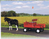
Pony Utility Wagon Bed on 1/2-Ton Pioneer Gear with Air Tires Optional Safety Flag

This wagon measures 32" at the outside of the wheels and 40" x 70" overall.
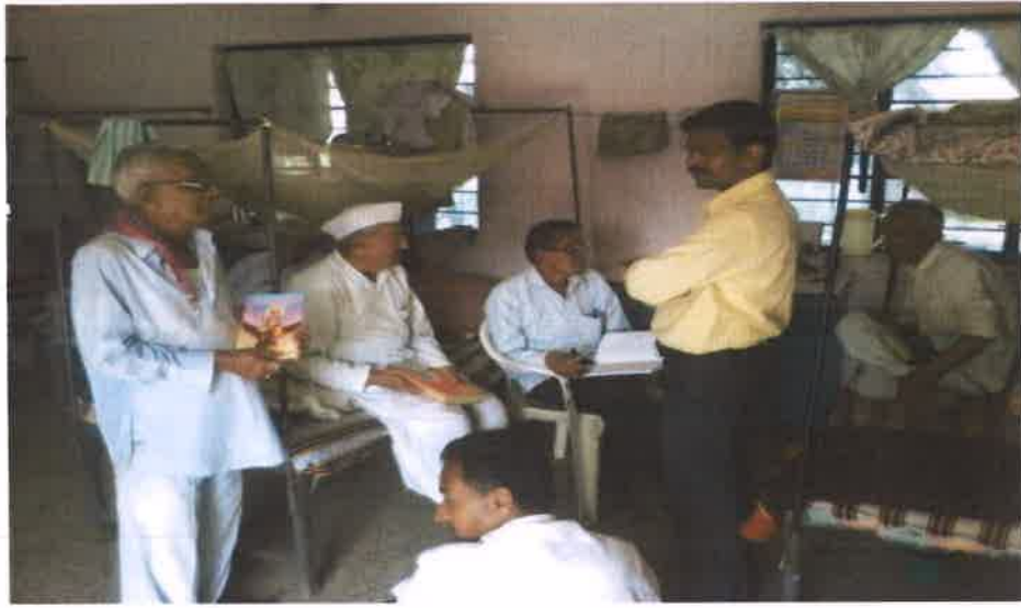
Mobile Library Service to Matoshri Vrudhashram at Kanchanwadi
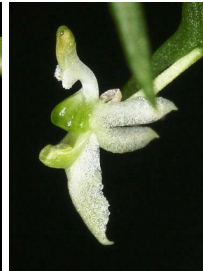
8 Phymatidium delicatulum
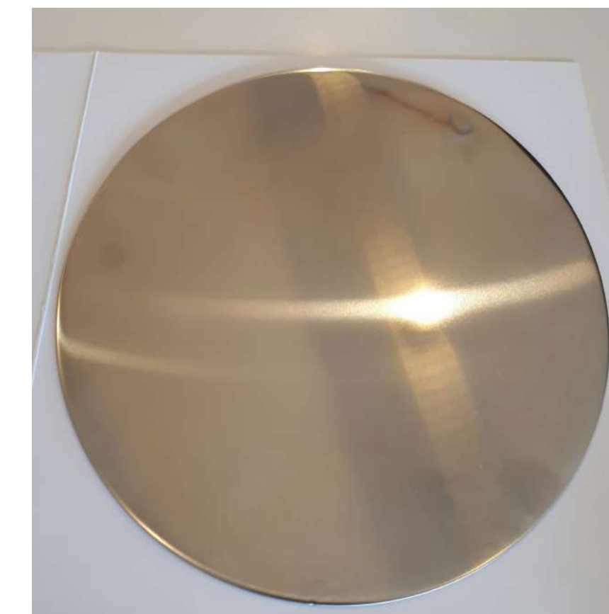
Mirror-polished Stainless Steel Finish Sample

**Task prompt:**
The reply needs to repeat exactly the line containing "8 Phymatidium delicatulum" and each line after it, through the final line of the entries above, and to skip the pictures.

**Answer for this exercise:**
8 Phymatidium delicatulum
Mirror-polished Stainless Steel Finish Sample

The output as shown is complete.